Die „IG gesunder Boden“ will sinnvollen Projekten im Zusammenhang mit Humus Raum geben und hat deshalb in einem Positionspapier zehn Forderungen aufgestellt. Darin ist nun von „Humus-Zertifikate-Handel“ und nicht mehr von „CO2-Zertifikate-Handel“ die Rede. Ein Handel mit Humus-Zertifikaten solle sicherstellen, dass der Humusaufbau auch wirklich langfristig und zugunsten der Bodengesundheit geschieht. Ein Punkt in dem Katalog sieht vor, dass der Landwirt in seine Berechnung all seine Flächen und, wenn vorhanden, auch die Tierproduktion sowie die daraus resultierenden Emissionen mit einbeziehen muss. Auch die heutige Art der Humusbestimmung sei zu hinterfragen, sagt Franz Rösl. Denn die aktuelle Ermittlung sage nichts über die Humusqualität aus: „Hier brauchen wir eine neue Herangehensweise, methodisch ist das schon möglich, aber derzeit noch zu teuer.“
Der sogenannte Mutterboden, die oberste, fruchtbare und belebte Erdschicht, ist dank ihrer Bewohner in einem permanenten. Je vielfältiger das Bodenleben in dieser obersten Schicht, desto höher der Humusanteil und desto fruchtbarer die Erde.

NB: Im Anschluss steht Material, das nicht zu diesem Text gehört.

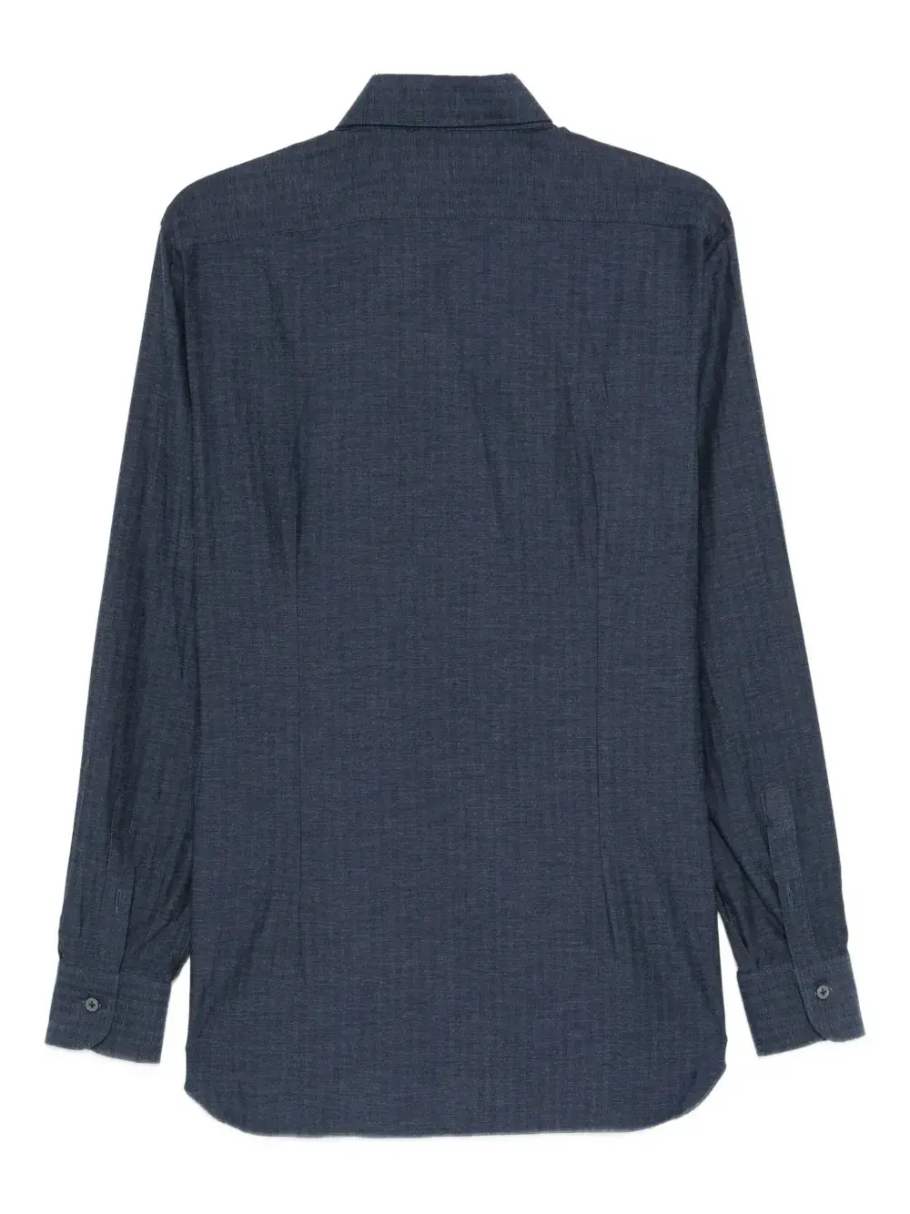 синий, застежка на пуговицы, длинные рукава, манжеты на пуговицах, текстурированный

Ein solcher Boden bietet auch Chancen für die Medizin. Ein Beispiel dafür ist die vorwiegend in Böden lebende Bakterien-Gattung der Streptomyceten: Im Wald sind erzeugen sie den typischen Erdgeruch – und in der Medizin wurden sie bekannt, weil sie durch ihren Stoffwechsel antibiotisch wirkende Stoffe produzieren. Mittel wie das Breitbandantibiotika Tetracyclin verdanken ihre Existenz den Streptomyceten, und wegen ihrer Vielseitigkeit wurden sie 2016 zur Mikrobe des Jahres gekürt. Wissenschaftler mehrerer Universitäten erforschen derzeit Streptomyceten, weil die Hoffnung gross ist, dass die Bakterien noch weitere Potenziale besitzen. Marburger Pharmazeuten entdeckten beispielsweise beim Entschlüsseln des Erbguts dieser Bakterien neuartige Stoffwechsel-Enzyme, die möglicherweise therapeutisch wirkende, bioaktive Substanzen produzieren.